Everything up till now gives a very operational view of how to address the undefinedness problem. However, it doesn't give us a clear view on what the exact semantic properties are. As far as I can tell, the semantics needs to be defined in terms of these attributes. There is no a priori way to define which signals are data path and which are control path; we can only call programs undefined given an assignment of attributes to instances.

Sep 08 '22 14:09 rachitnigam

The Filament issue above points out an optimization that this can enable in the backend:

It occurs to me that this optimization should be done by Calyx and not Filament itself because this reasoning applies to all data ports. Specifically, rewriting:

in = guard ? data : 'x

into

in = data

Should always be safe

Sep 12 '22 14:09 rachitnigam

Finally catching up on this very nice idea, @rachitnigam, after your helpful explanation today!

I think the note about allowed optimizations above is especially important. It's a very cool upside that we can show that certain optimizations are allowed on always-never-undefined values that are not possible on maybe-undefined values!!

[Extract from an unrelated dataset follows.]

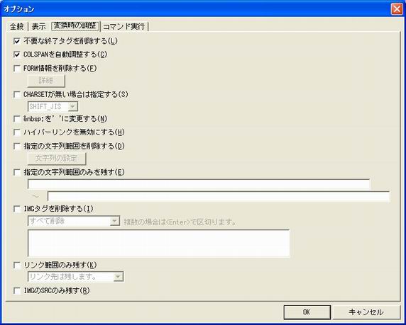 [FORM情報を削除する(F)] ONの場合 ・・・ 変換前にFORM情報を削除します。 (元のHTMLファイルは変更しません。) <詳細> [FORM情報の削除]画面を開きます。 [<FORM>タグを削除(F)] ONの場合 ・・・ <FORM>タグを削除します。 OFFの場合 ・・・ <FORM>タグは削除しません。 [<INPUT>タグを削除(I)] ONの場合 ・・・ <INPUT>タグを削除します。 OFFの場合 ・・・ <INPUT>タグは削除しません。 [<BUTTON>タグを削除(B)] ONの場合 ・・・ <BUTTON>タグを削除します。 OFFの場合 ・・・ <BUTTON>タグは削除しません。 [<TEXTAREA>タグを削除(T)] ONの場合 ・・・ <TEXTAREA>タグを削除します。 OFFの場合 ・・・ <TEXTAREA>タグは削除しません。 [<SELECT>タグを削除(S)] ONの場合 ・・・ <SELECT>タグを削除します。 OFFの場合 ・・・ <SELECT>タグは削除しません。 [<OPTION>タグを削除(O)] ONの場合 ・・・ <OPTION>タグを削除します。 OFFの場合 ・・・ <OPTION>タグは削除しません。 [<OPTGROUP>タグを削除(G)] ONの場合 ・・・ <OPTGROUP>タグを削除します。 OFFの場合 ・・・ <OPTGROUP>タグは削除しません。 [<LABEL>タグを削除(L)] ONの場合 ・・・ <LABEL>タグを削除します。 OFFの場合 ・・・ <LABEL>タグは削除しません。 [<FIELDSET>タグを削除(E)] ONの場合 ・・・ <FIELDSET>タグを削除します。 OFFの場合 ・・・ <FIELDSET>タグは削除しません。 [<LEGEND>タグを削除(N)] ONの場合 ・・・ <LEGEND>タグを削除します。 OFFの場合 ・・・ <LEGEND>タグは削除しません。 OFFの場合 ・・・ FORM情報の削除を行いません。 [CHARSETが無い場合は指定する(S)] ONの場合 ・・・ CHARSETが指定されていない場合は、「SHIFT_JIS、JIS、EUC-JP、UTF-8」の中から指定したキャラクタでCHARSETを行います。 ※文字化けが発生する場合に、改善される場合があります。 OFFの場合 ・・・ CHARSETの確認を行いません。

Just to jot down some high-level thoughts that came out of today's brief discussion:

One way to "phase" this work would be to hammer things out in a fully dynamic context first, then work out the static checking. That would look like this:
1. In the first phase, define the dynamic semantics of the undefined value (here denoted undef) and the dynamic events that should be errors. For example, for error conditions: a guard expression evaluating to undef is not allowed, and it is also an error for a @go port ever to be assigned to undef. For dynamic semantics, undef aggressively taints guard expressions (e.g., (undef < 42) == undef), and it propagates aggressively through parameters like std_add. Hopefully, we extend the interpreter to implement these semantics precisely.
2. In the second phase, add @data/@control annotations as a way of soundly avoiding the dynamic error conditions. The theorem is basically that a well-typed (with respect to these annotations) Calyx program cannot ever encounter an undef-related error at run time.
For the static checker, I think it would be nice to view this as an information flow type system—i.e., all types are qualified (so, like, @data 32 or @control 1). The design and goal guarantees would be pretty similar to nullability annotations, as in Java's nullability checker.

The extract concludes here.